*PROMPT*: Copy the listing that follows exactly. Its pictures do not belong in the copy.

*EXERCISE MATERIALS*:
Start of Block

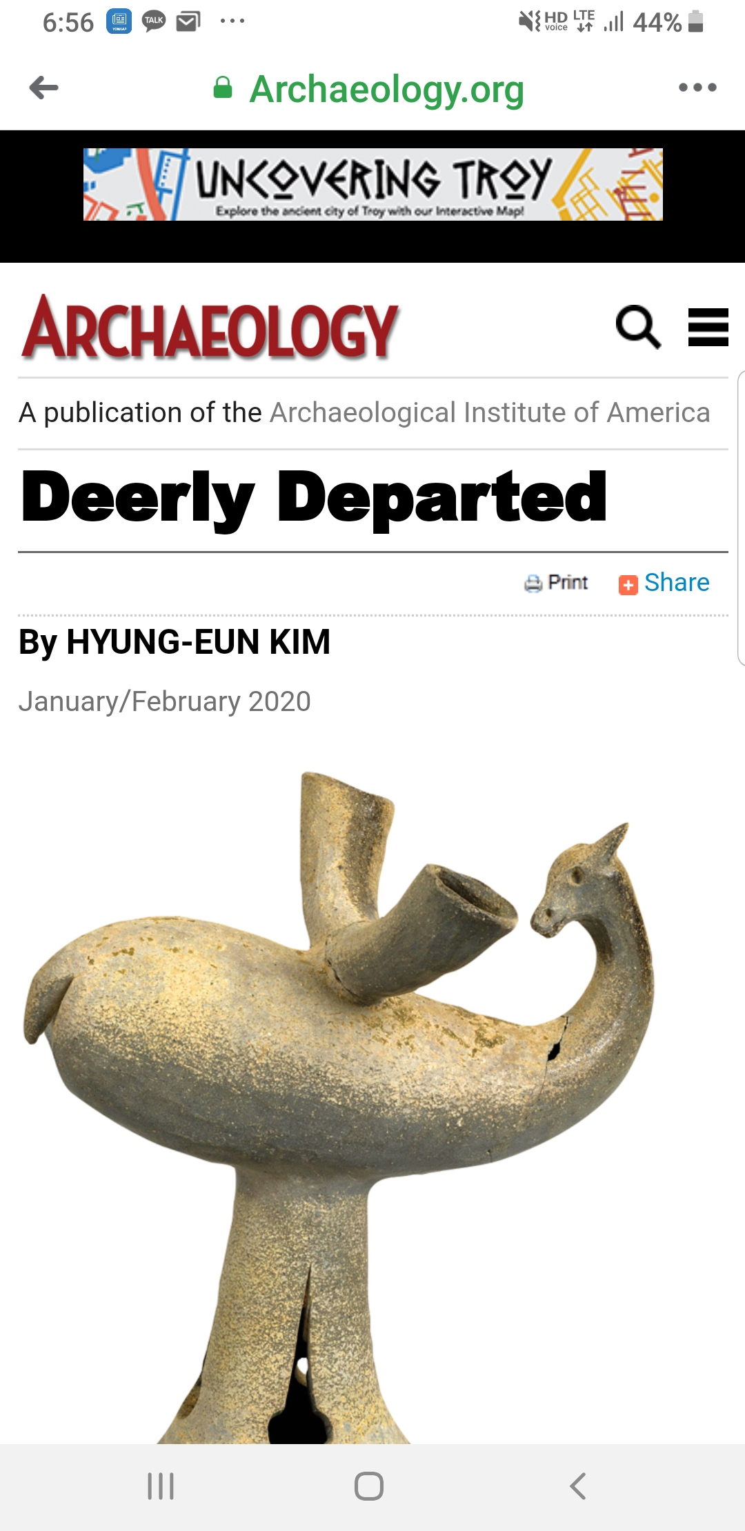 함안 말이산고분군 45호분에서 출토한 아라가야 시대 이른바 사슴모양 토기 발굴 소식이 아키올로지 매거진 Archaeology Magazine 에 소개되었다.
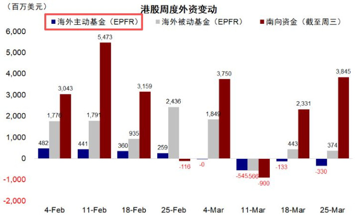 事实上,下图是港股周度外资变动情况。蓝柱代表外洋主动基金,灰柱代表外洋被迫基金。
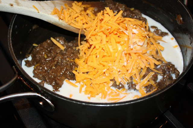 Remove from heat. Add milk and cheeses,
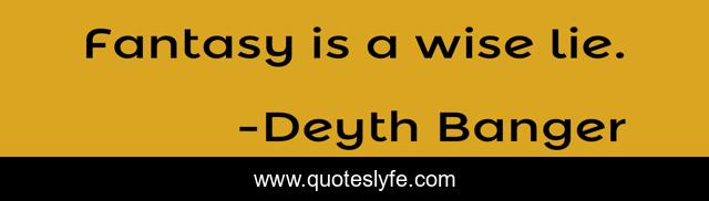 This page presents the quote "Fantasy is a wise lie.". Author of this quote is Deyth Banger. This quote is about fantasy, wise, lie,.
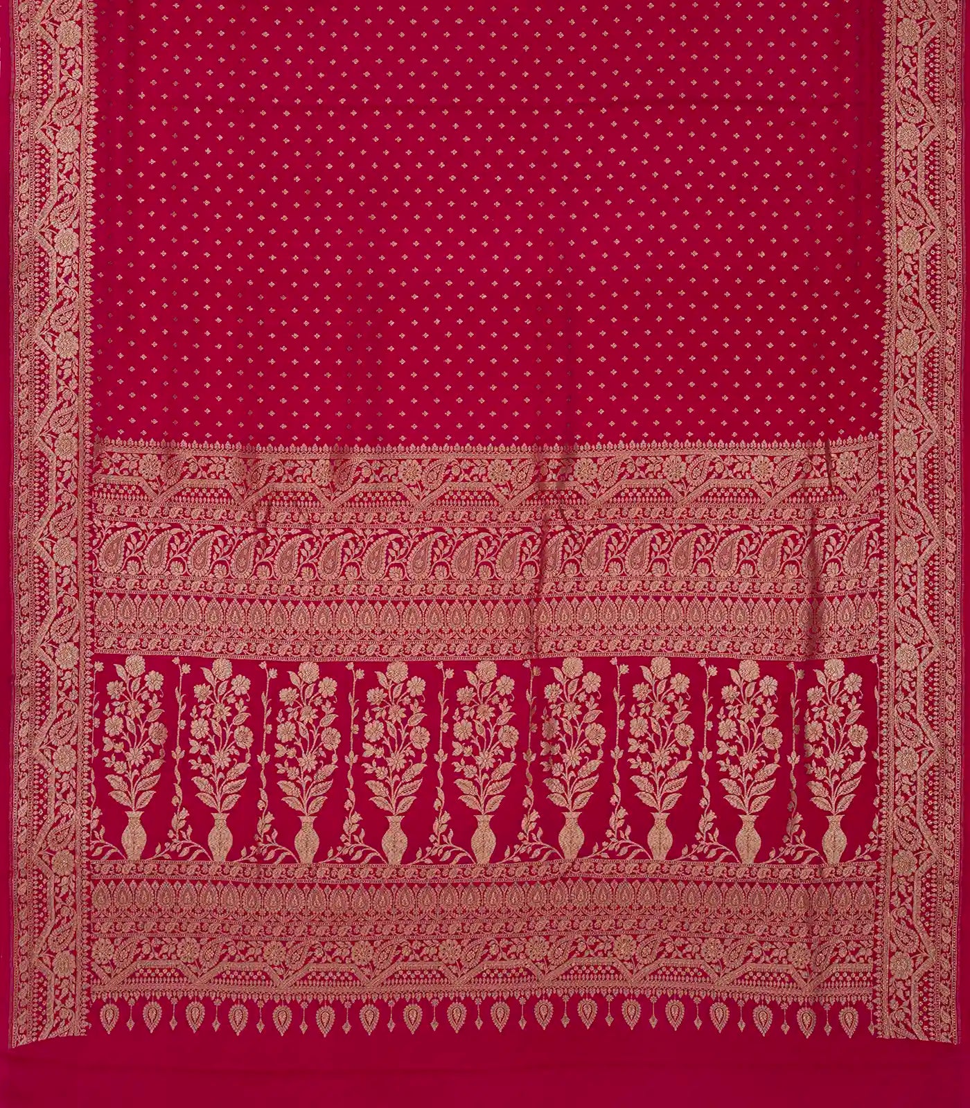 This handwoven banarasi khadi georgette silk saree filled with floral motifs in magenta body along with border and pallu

End of Block

*TASK SOLUTION*:
 함안 말이산고분군 45호분에서 출토한 아라가야 시대 이른바 사슴모양 토기 발굴 소식이 아키올로지 매거진 Archaeology Magazine 에 소개되었다.
 事实上,下图是港股周度外资变动情况。蓝柱代表外洋主动基金,灰柱代表外洋被迫基金。
 Remove from heat. Add milk and cheeses,
 This page presents the quote "Fantasy is a wise lie.". Author of this quote is Deyth Banger. This quote is about fantasy, wise, lie,.
 This handwoven banarasi khadi georgette silk saree filled with floral motifs in magenta body along with border and pallu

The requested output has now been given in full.